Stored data

- Opening Delimiter -

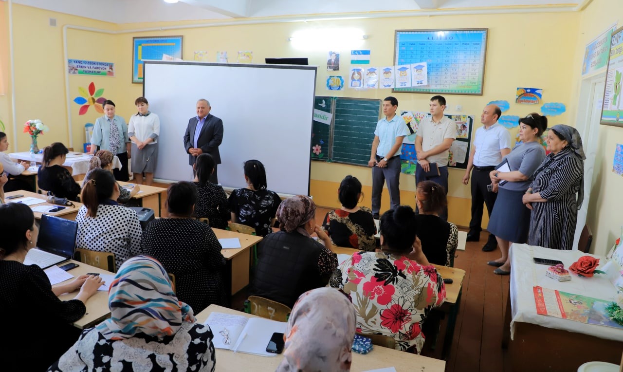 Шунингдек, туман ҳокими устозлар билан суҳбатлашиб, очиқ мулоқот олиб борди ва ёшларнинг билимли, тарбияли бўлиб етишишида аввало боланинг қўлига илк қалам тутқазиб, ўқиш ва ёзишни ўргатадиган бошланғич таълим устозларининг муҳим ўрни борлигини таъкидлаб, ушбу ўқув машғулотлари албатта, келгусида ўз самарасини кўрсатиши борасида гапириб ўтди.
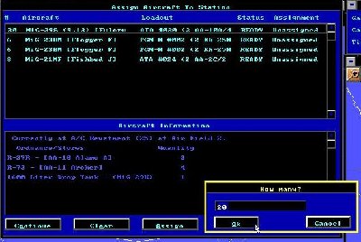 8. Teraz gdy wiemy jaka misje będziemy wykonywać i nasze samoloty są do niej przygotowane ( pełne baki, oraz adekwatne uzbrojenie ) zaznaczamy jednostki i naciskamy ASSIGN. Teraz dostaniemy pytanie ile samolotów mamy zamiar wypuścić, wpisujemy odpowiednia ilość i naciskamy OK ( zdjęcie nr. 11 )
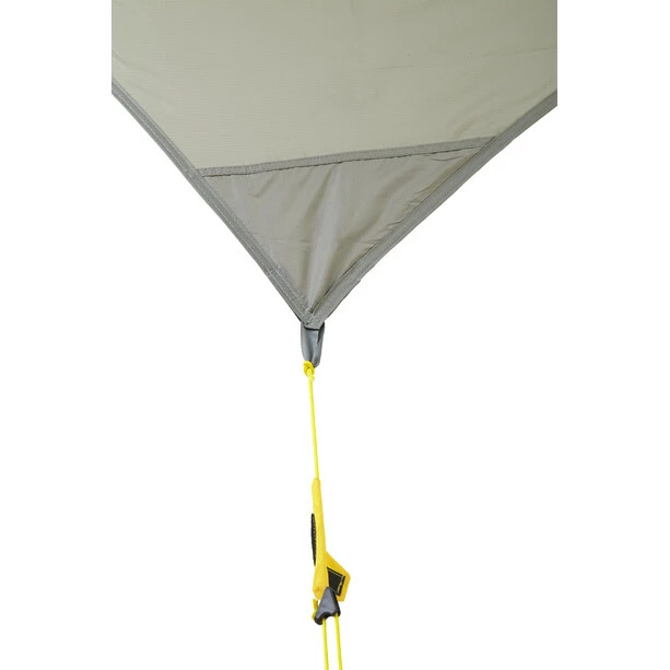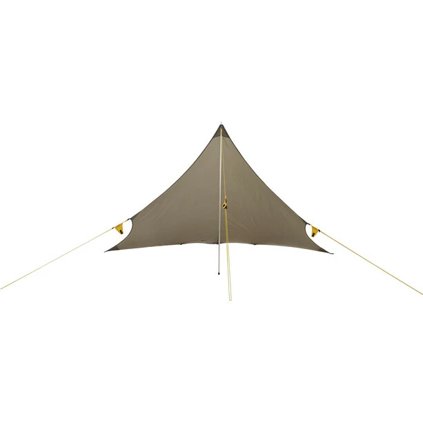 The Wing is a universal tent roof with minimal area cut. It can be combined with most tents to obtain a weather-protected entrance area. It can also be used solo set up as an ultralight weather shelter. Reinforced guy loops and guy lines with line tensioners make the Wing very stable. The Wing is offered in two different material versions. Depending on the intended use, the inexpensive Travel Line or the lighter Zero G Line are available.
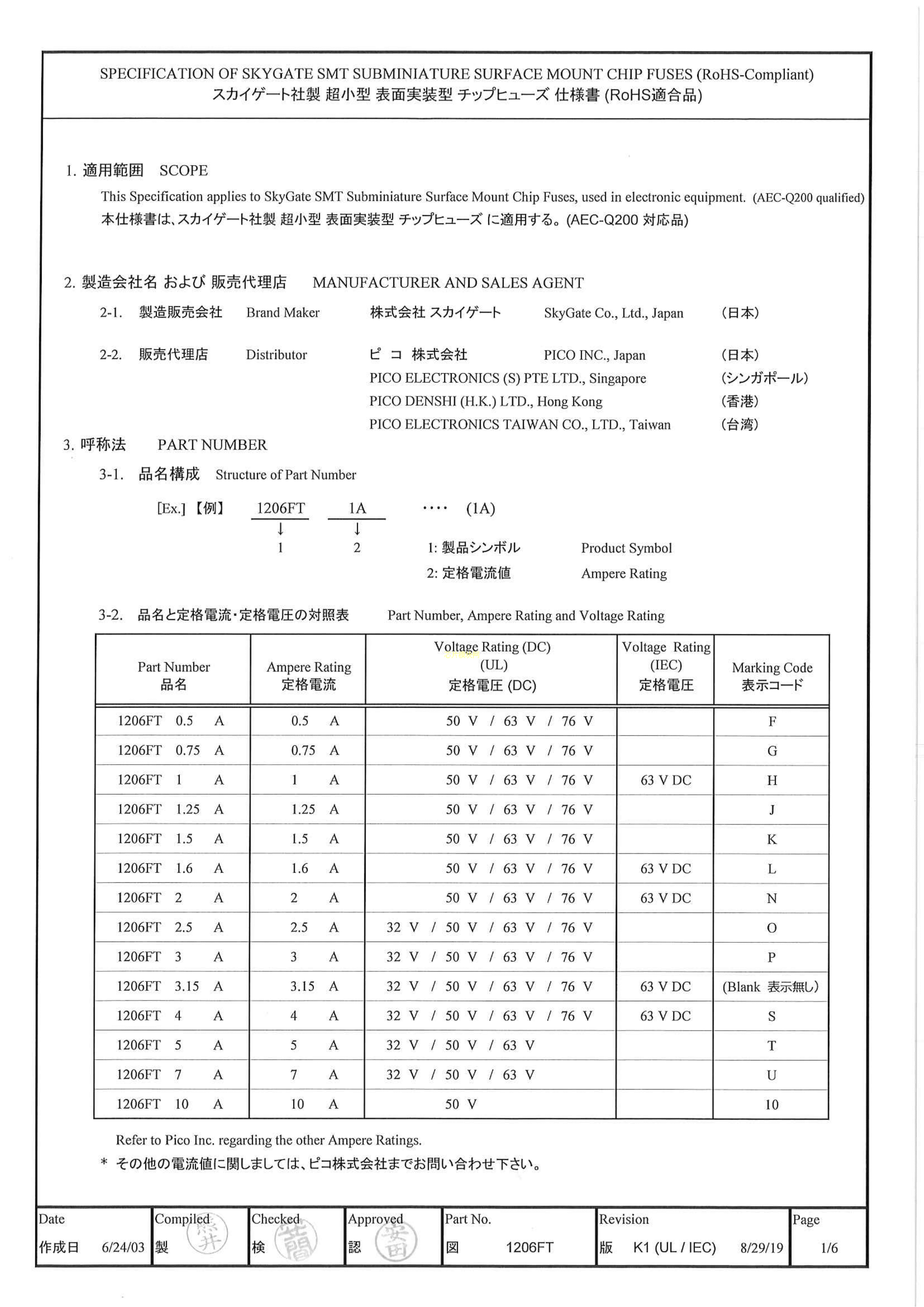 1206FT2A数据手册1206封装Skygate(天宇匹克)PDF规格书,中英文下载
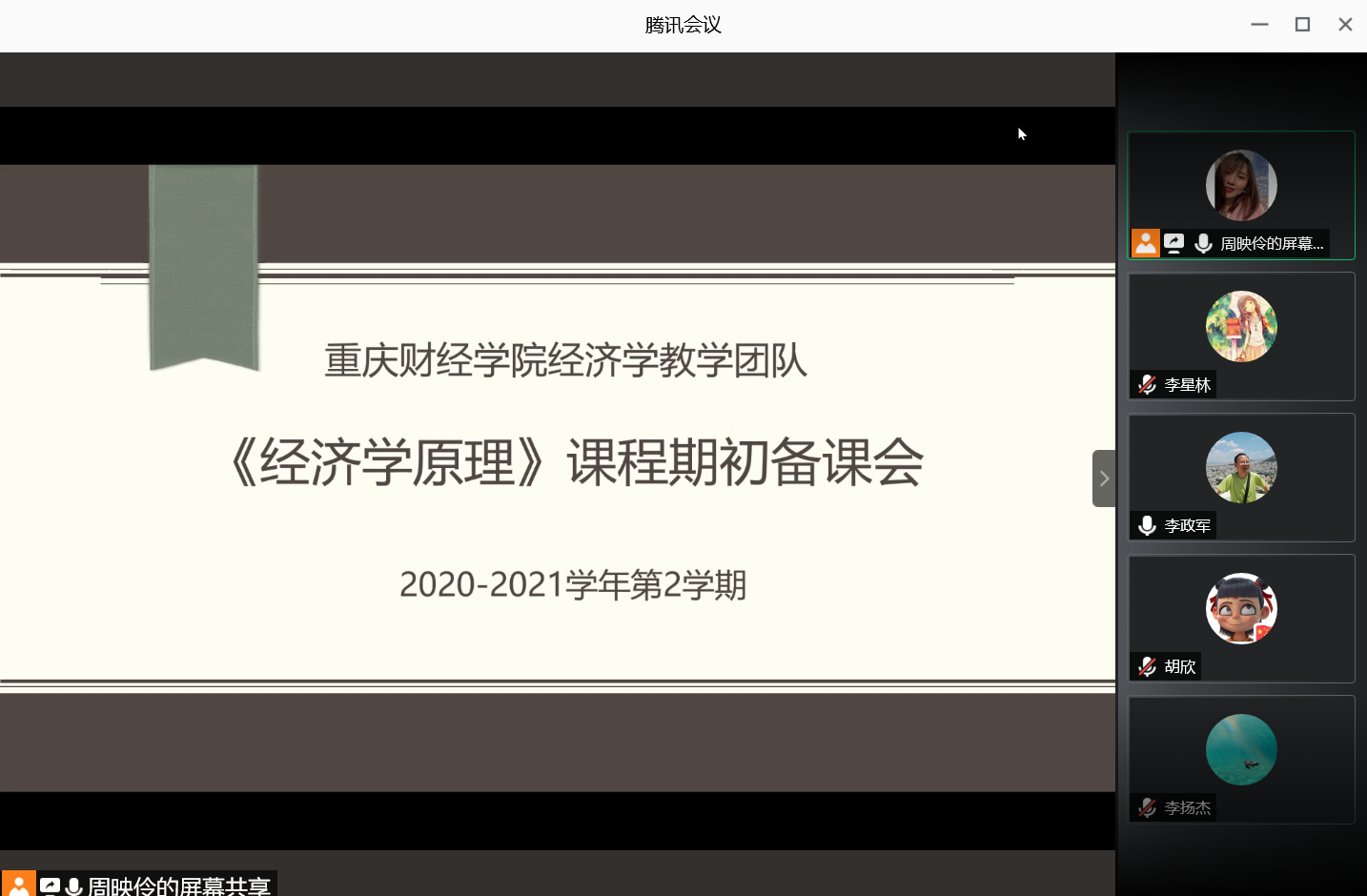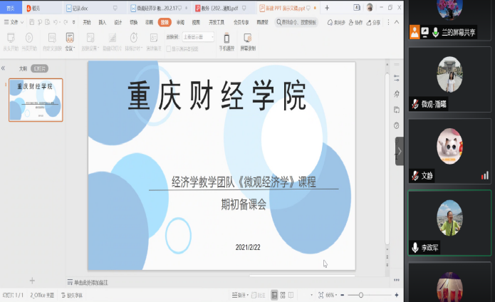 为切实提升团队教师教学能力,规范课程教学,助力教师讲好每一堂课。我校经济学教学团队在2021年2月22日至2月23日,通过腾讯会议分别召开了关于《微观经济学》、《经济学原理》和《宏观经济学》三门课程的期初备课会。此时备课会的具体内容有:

- Closing Delimiter -

» PROBLEM: Above are the records; return them exactly, minus the pictures.

» SOLUTION TO THIS EXERCISE:
 Шунингдек, туман ҳокими устозлар билан суҳбатлашиб, очиқ мулоқот олиб борди ва ёшларнинг билимли, тарбияли бўлиб етишишида аввало боланинг қўлига илк қалам тутқазиб, ўқиш ва ёзишни ўргатадиган бошланғич таълим устозларининг муҳим ўрни борлигини таъкидлаб, ушбу ўқув машғулотлари албатта, келгусида ўз самарасини кўрсатиши борасида гапириб ўтди.
 8. Teraz gdy wiemy jaka misje będziemy wykonywać i nasze samoloty są do niej przygotowane ( pełne baki, oraz adekwatne uzbrojenie ) zaznaczamy jednostki i naciskamy ASSIGN. Teraz dostaniemy pytanie ile samolotów mamy zamiar wypuścić, wpisujemy odpowiednia ilość i naciskamy OK ( zdjęcie nr. 11 )
 The Wing is a universal tent roof with minimal area cut. It can be combined with most tents to obtain a weather-protected entrance area. It can also be used solo set up as an ultralight weather shelter. Reinforced guy loops and guy lines with line tensioners make the Wing very stable. The Wing is offered in two different material versions. Depending on the intended use, the inexpensive Travel Line or the lighter Zero G Line are available.
 1206FT2A数据手册1206封装Skygate(天宇匹克)PDF规格书,中英文下载
 为切实提升团队教师教学能力,规范课程教学,助力教师讲好每一堂课。我校经济学教学团队在2021年2月22日至2月23日,通过腾讯会议分别召开了关于《微观经济学》、《经济学原理》和《宏观经济学》三门课程的期初备课会。此时备课会的具体内容有:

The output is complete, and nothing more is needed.